PRIMERO.- Por el Juzgado de Primera Instancia de los de Segovia, nº 4; con fecha ocho de marzo de dos mil once, fue dictada Sentencia, que en su parte dispositiva literalmente dice : "FALLO: Que desestimando la demanda de modificación de medidas de divorcio formulada por el Procurador Sra. Rodríguez, en nombre y representación de D. Ignacio contra Dª Marí Trini acuerdo denegar la petición de modificación solicitada.

No procede hacer especial pronunciamiento sobre costas."

SEGUNDO.- Notificada que fue la anterior resolución a las partes, por la representación procesal de el demandante, se anunció la preparación de recurso de apelación, con enumeración de los pronunciamientos que se impugnan, al tenor que es de ver en su escrito unido en Autos, teniéndose por preparado el mismo, emplazándose a la recurrente para que en plazo interponga la apelación anunciada; y notificada dicha resolución a las partes, por los apelantes se interpuso para ante la Audiencia en legal forma el recurso anteriormente anunciado, en base a lo establecido en los arts. 457 y ss de la Nueva Ley de Enjuiciamiento Civil , dándose traslado a la adversa y al Ministerio Fiscal y emplazándoles para oponerse al recurso o impugnarlo, y realizado el citado trámite en plazo, por ambas partes, oponiéndose al mismo, se acordó remitir las actuaciones a esta Audiencia Provincial, previo emplazamiento de las partes ante la misma.

TERCERO.- Recibidos los autos en este Tribunal, registrados, formado rollo, turnado de ponencia y personadas las partes en tiempo y forma, señaló fecha para deliberación y fallo del citado recurso, y llevado a cabo que fue, quedó el mismo visto para dictar la resolución procedente.

Fundamentos

PRIMERO. - Desestimada la modificación de medidas definitivas interesadas, es recurrida la sentencia de instancia por la parte actora.

En el primer motivo del recurso afirma la parte recurrente, que pese a haberse alegado repetidas veces en el transcurso del proceso el vicio de discriminación por razón del sexo, la sentencia no se pronuncia al respecto.

Lógicamente, pues en el suplico de la demanda, ninguna petición ni alusión directa se contiene sobre dicha discriminación.

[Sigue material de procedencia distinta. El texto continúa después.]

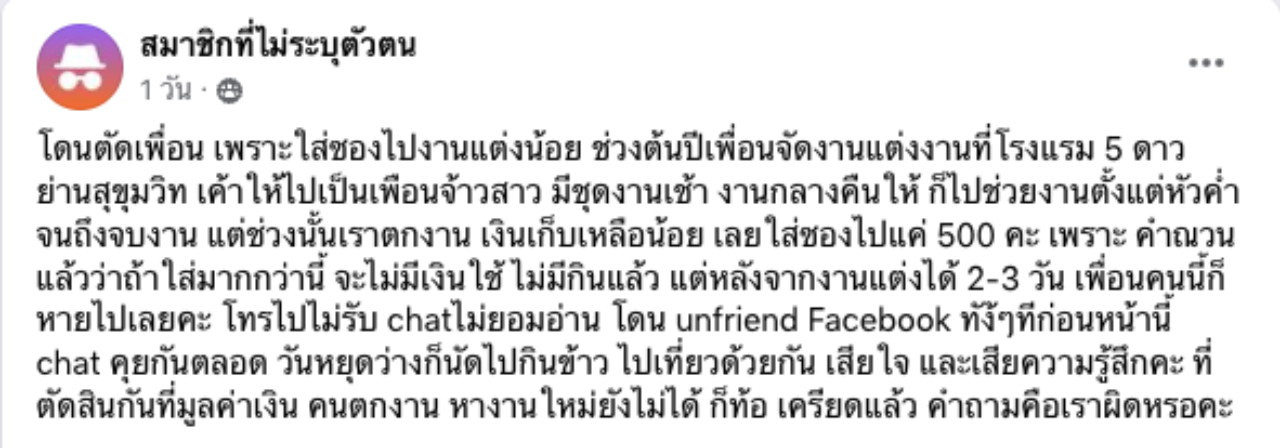 แต่ช่วงนั้นเราตกงาน เงินเก็บเหลือน้อย เลยใส่ซองไปแค่ 500 ค่ะ เพราะคำนวนแล้วว่าถ้าใส่มากกว่านี้ จะไม่มีเงินใช้ ไม่มีกินแล้ว แต่หลังจากงานแต่งได้ 2-3 วัน เพื่อนคนนี้ก็หายไปเลยคะ โทรไปไม่รับ chat ไม่ยอมอ่าน โดน unfriend Facebook ทั้งทีก่อนหน้านี้ chat คุยกันตลอด วันหยุดว่างก็นัดไปกินข้าว ไปเที่ยวด้วยกัน เสียใจ และเสียความรู้สึกค่ะ ที่ตัดสินกันที่มูลค่าเงิน คนตกงาน หางานใหม่ยังไม่ได้ ก็ท้อ เครียดแล้ว คำถามคือเราผิดหรอคะ
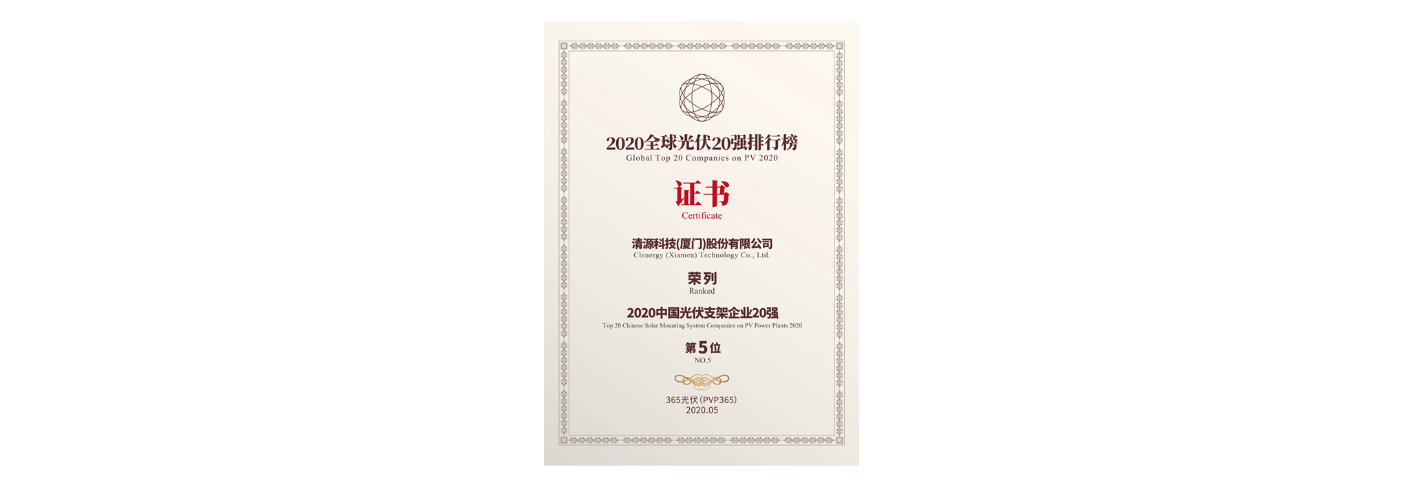 Clenergy auf Platz 5 der besten chinesischen Solar-Montagesystem-Unternehmen 2020

Sólo entre los antecedentes del hecho existe una concisa alusión.

El apartado fáctico de la demanda, lo conforman tres apartados:

1.- En el primero se cita como precedente la sentencia del Juzgado de Primera Instancia nº 4 de Segovia sobre divorcio contencioso de 4 de diciembre de 2001, dictada en el procedimiento 258/2001 y el Auto de 28 de mayo de 2009, dictado en el procedimiento d ejecución 193/2003, donde se acuerda "la terminación de dicho procedimiento de ejecución, sin que jamás se haya cumplido la inter-comunicación paterno-filial por vídeo-conferencia de 15 minutos/semana ni vista presencial alguna"

2.- En el segundo, donde se precisa que la modificación que se insta es que la menor, Sofía, de 14 años de edad, pase a estar bajo custodia del actor, progenitor paterno; ello por el cambio sustancial de circunstancias producido:

a) Diagnóstico indubitado de síndrome de alienación parental (SAP) producido por el progenitor custodio que padecen las tres hijas comunes.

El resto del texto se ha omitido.